Lower down are entries containing pictures. Copy exactly, without those pictures, the lines from the line with "Hoewel de investeringskosten" through the line with "як цілком критичний.".

○ ○ ○

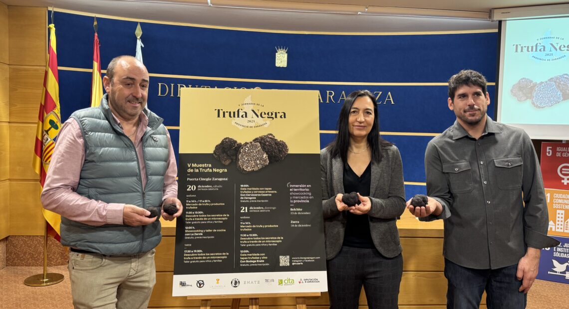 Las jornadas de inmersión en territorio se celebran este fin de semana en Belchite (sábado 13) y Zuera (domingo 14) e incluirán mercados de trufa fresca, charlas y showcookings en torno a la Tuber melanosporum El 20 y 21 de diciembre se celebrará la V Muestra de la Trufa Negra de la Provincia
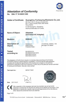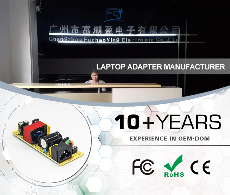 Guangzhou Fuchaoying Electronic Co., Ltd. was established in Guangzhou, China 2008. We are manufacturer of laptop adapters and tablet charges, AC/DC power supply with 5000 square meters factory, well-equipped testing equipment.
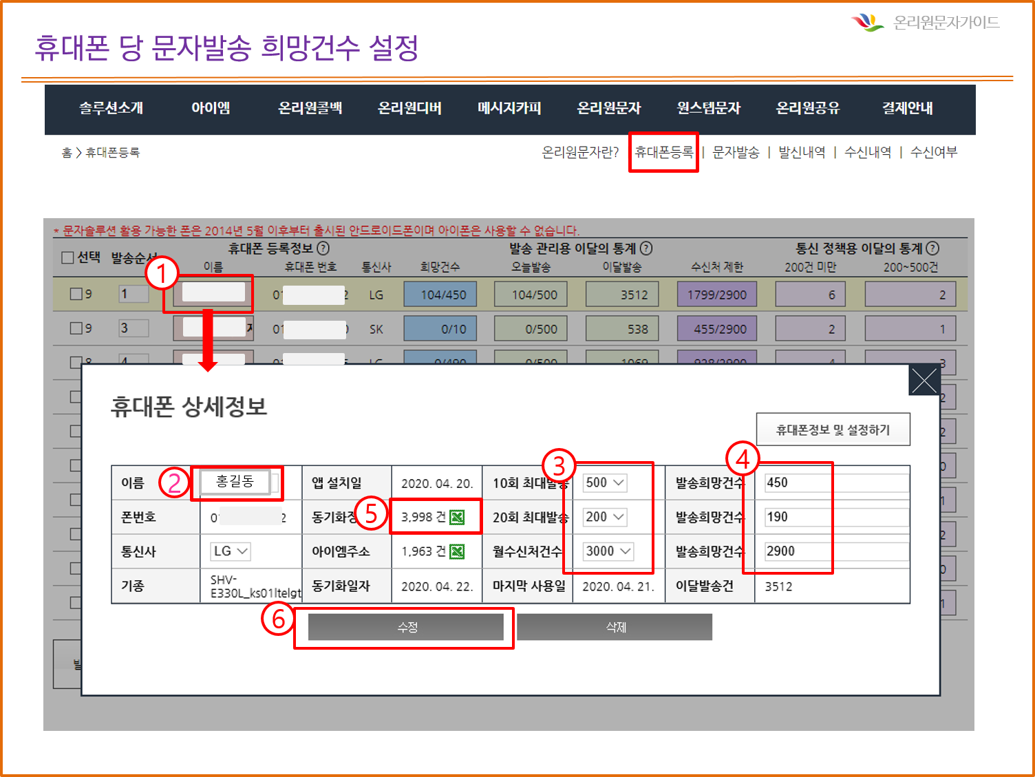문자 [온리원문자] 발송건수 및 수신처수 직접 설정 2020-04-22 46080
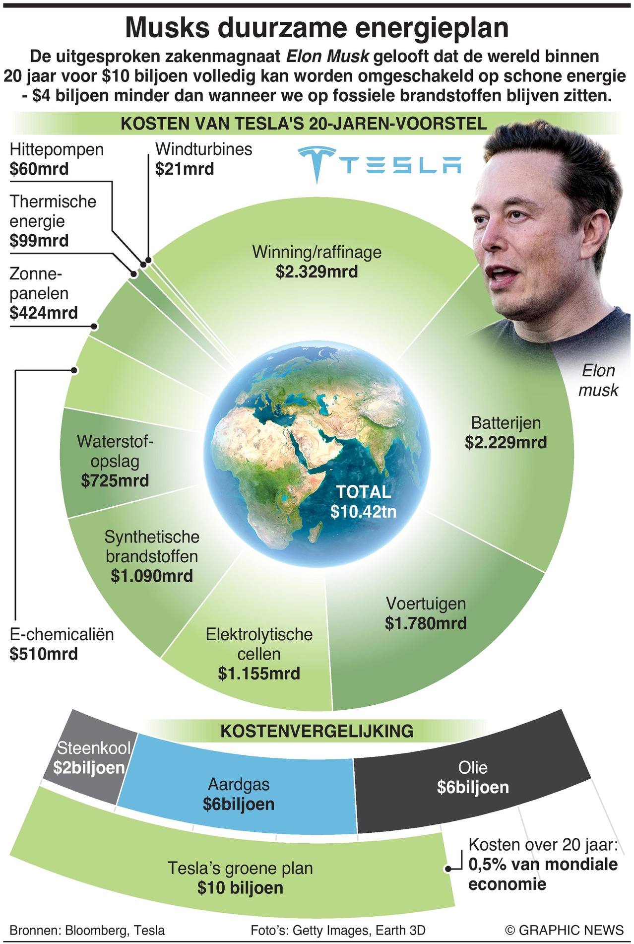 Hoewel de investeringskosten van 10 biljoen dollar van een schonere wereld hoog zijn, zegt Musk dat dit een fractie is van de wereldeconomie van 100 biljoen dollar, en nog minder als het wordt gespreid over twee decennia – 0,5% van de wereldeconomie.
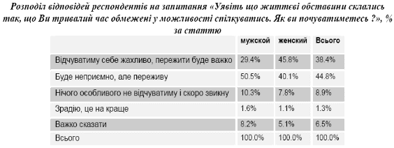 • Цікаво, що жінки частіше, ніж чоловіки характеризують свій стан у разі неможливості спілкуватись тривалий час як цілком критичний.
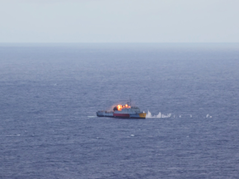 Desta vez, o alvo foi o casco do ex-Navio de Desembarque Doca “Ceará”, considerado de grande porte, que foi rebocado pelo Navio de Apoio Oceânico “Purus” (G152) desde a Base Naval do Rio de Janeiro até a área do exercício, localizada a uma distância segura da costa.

○ ○ ○

*YOUR RESPONSE*.
 Hoewel de investeringskosten van 10 biljoen dollar van een schonere wereld hoog zijn, zegt Musk dat dit een fractie is van de wereldeconomie van 100 biljoen dollar, en nog minder als het wordt gespreid over twee decennia – 0,5% van de wereldeconomie.
 • Цікаво, що жінки частіше, ніж чоловіки характеризують свій стан у разі неможливості спілкуватись тривалий час як цілком критичний.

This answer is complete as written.